*Dataset records:*
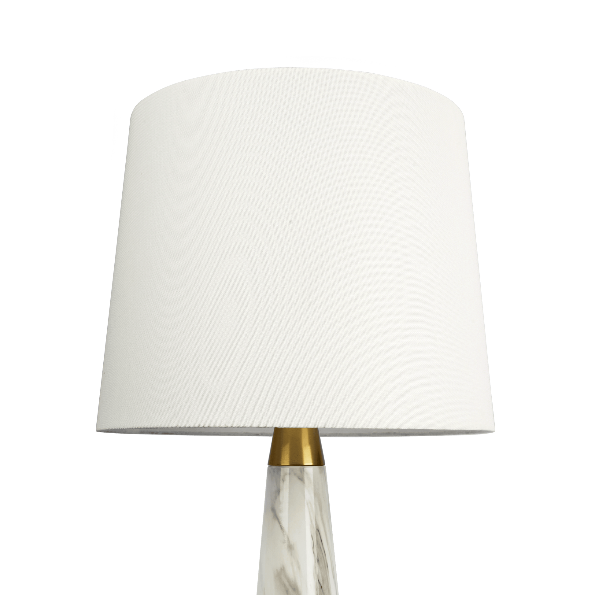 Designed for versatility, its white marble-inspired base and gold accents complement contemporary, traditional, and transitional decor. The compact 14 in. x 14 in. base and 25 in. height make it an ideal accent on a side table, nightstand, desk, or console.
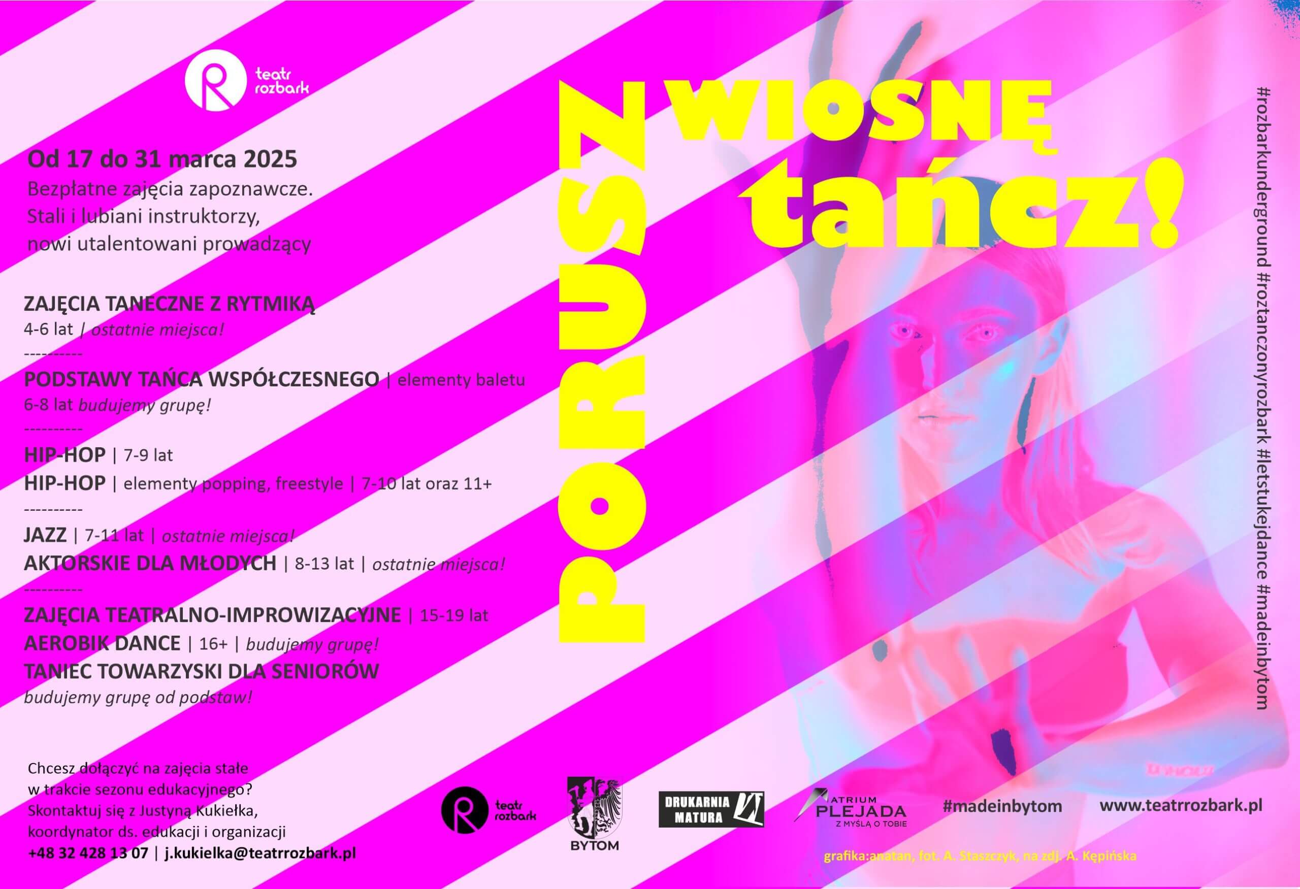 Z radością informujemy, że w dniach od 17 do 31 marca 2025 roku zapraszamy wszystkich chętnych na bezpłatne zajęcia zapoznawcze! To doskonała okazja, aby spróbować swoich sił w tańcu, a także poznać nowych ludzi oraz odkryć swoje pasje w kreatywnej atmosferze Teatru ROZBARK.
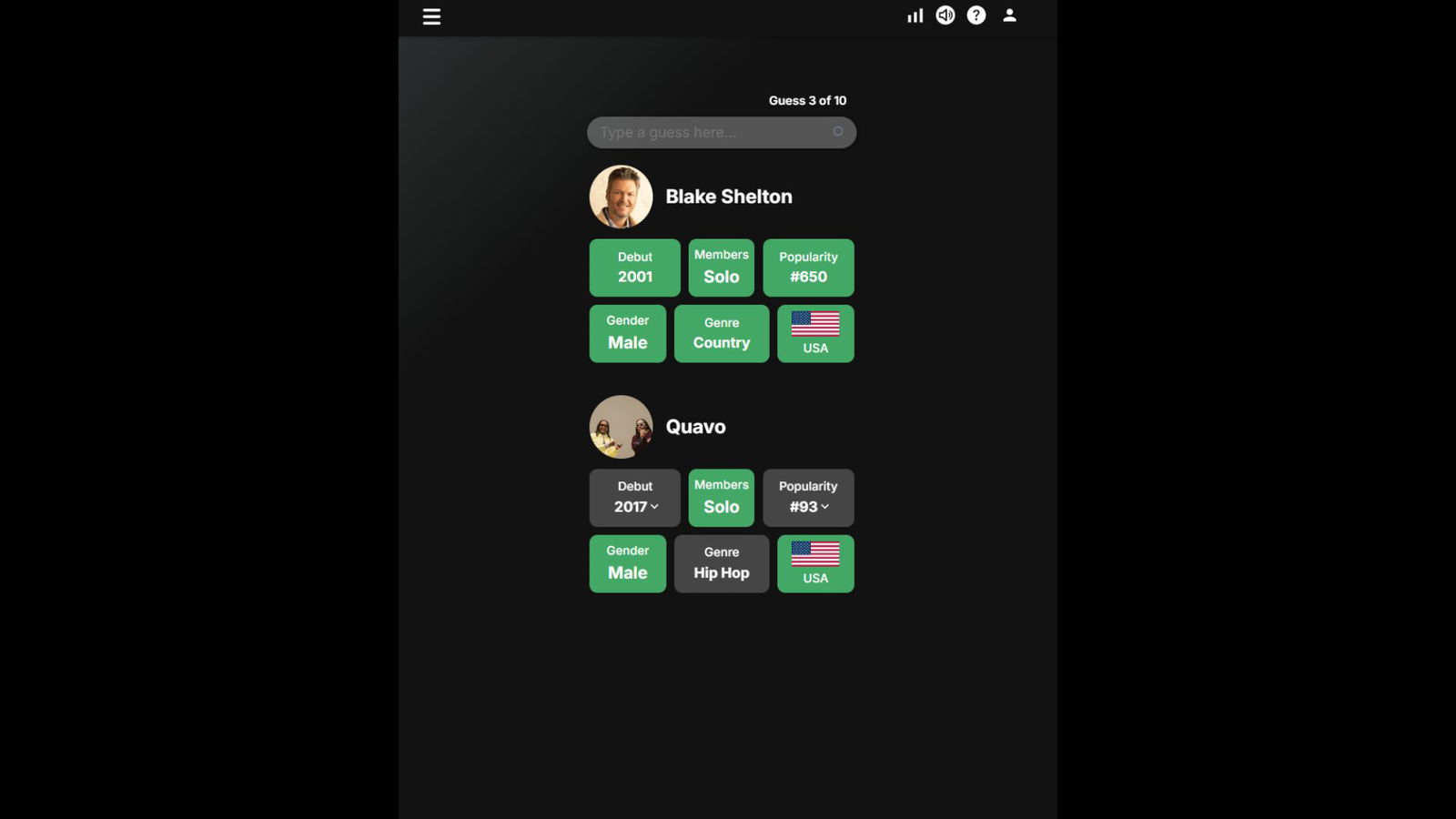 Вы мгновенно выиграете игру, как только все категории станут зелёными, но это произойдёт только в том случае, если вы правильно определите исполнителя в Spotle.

* * *

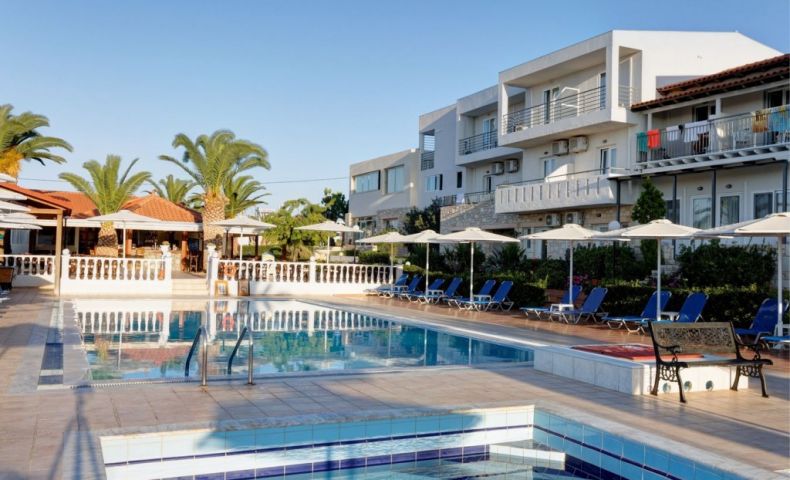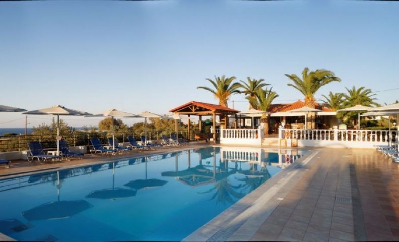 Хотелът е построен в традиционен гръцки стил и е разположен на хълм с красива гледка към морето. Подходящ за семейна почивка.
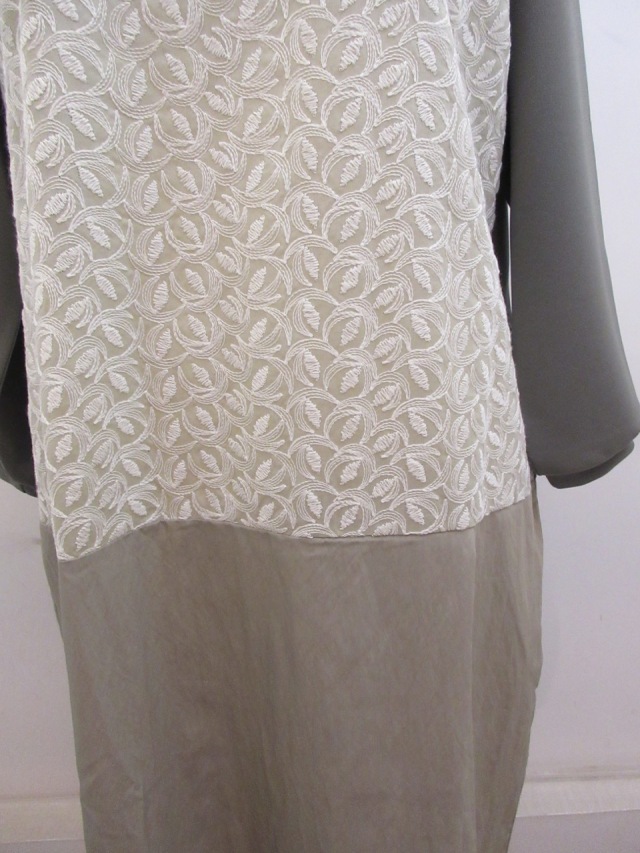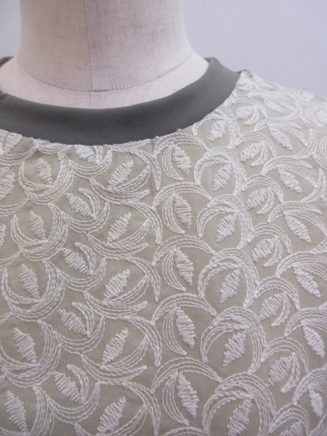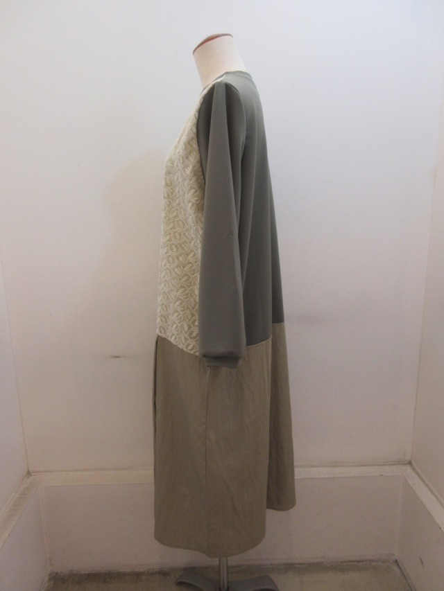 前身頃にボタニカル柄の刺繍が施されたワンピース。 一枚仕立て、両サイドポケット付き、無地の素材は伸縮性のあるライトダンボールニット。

*What you need to do:*
In the listing above, find the line with "Designed for versatility, its" and the line with "Вы мгновенно выиграете". Output both, plus every line between them, and no pictures.

*Task solution:*
 Designed for versatility, its white marble-inspired base and gold accents complement contemporary, traditional, and transitional decor. The compact 14 in. x 14 in. base and 25 in. height make it an ideal accent on a side table, nightstand, desk, or console.
 Z radością informujemy, że w dniach od 17 do 31 marca 2025 roku zapraszamy wszystkich chętnych na bezpłatne zajęcia zapoznawcze! To doskonała okazja, aby spróbować swoich sił w tańcu, a także poznać nowych ludzi oraz odkryć swoje pasje w kreatywnej atmosferze Teatru ROZBARK.
 Вы мгновенно выиграете игру, как только все категории станут зелёными, но это произойдёт только в том случае, если вы правильно определите исполнителя в Spotle.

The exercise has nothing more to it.